For those running America’s rifle chambered for the AK’s cartridge, here are the best 7.62×39 AR magazine options.
While some cartridges like .300 BLK were designed to function in standard 5.56 AR mags, other chamberings require their own, special magazines. ARs chambered for the Soviet 7.62x39mm cartridge are among them.
Since 7.62×39 ARs aren’t nearly as popular as 5.56 variants, there is less factory support for 7.62×39 AR magazines. This means that many of your typical go-to manufacturers like Magpul and Okay Industries are no longer an option.
Here we’ll be going over what makes 7.62×39 AR magazines different, what to look for when buying one and our top picks for the best options on the market.
Why Do 7.62×39 ARs Require Proprietary Mags?
Simply put, the issue is that the 7.62x39mm case has more taper than the .223/5.56 case.
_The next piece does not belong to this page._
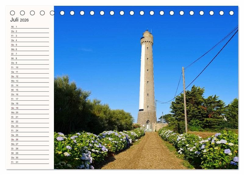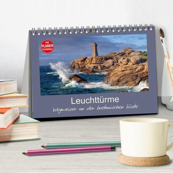 Leuchttürme gehören zu den Wahrzeichen der Bretagne. Klein oder groß, mitten im Meer, auf einer Insel oder an Land, groß und breit oder schmal und elegant - eindrucksvoll sind sie alle. Gerade das Finistère, der äußerste Zipfel Europas, hat viele eindrucksvolle Landspitzen mit ihren Leuchttürmen zu bieten. Da im 19. Jahrhundert die Reichweite der Leuchtfeuer erhöht wurde, sind oftmals zwei oder drei Türme zu sehen. Entdecken sie mit diesem Planer/Geburtstagskalender die Vielfalt dieser maritimen Zeitzeugen - sogar ein Feuerschiff ist mit dabei.

The Russian 7.62×39 cartridge tapers from 11.35mm in diameter at the rim to 10.07mm at the shoulder, whereas .223/5.56 barely tapers at all (9.58mm at the web to 9.00mm at the shoulder).
Case taper is what determines how curved a magazine needs to be to feed a given cartridge properly, and it’s why AK magazines have that distinctive “banana” curve. Naturally then, problems arise when attempting to design a very curved magazine for a rifle with a straight magwell like the AR.
Historically, one of the best ways to design a new rifle from a clean sheet is to start with the cartridge. Once established, a reliable magazine is designed to feed it. Only then is the gun itself designed.
Well, it seems that Kalashnikov and Stoner both did that, as both of their rifle designs have excellent magazines. When the industry decided to combine Mikhail’s peanut butter with Gene’s chocolate with the advent of 7.62×39 ARs, the magazines, unfortunately, could not live up to the reputation of either parent rifle’s mag.
The result is that 7.62×39 AR magazines have historically been a crapshoot in virtually every capacity that they’re offered in. Common failures include the top round sitting too low to be picked up by the bolt as well as nosedives leading to failures to feed.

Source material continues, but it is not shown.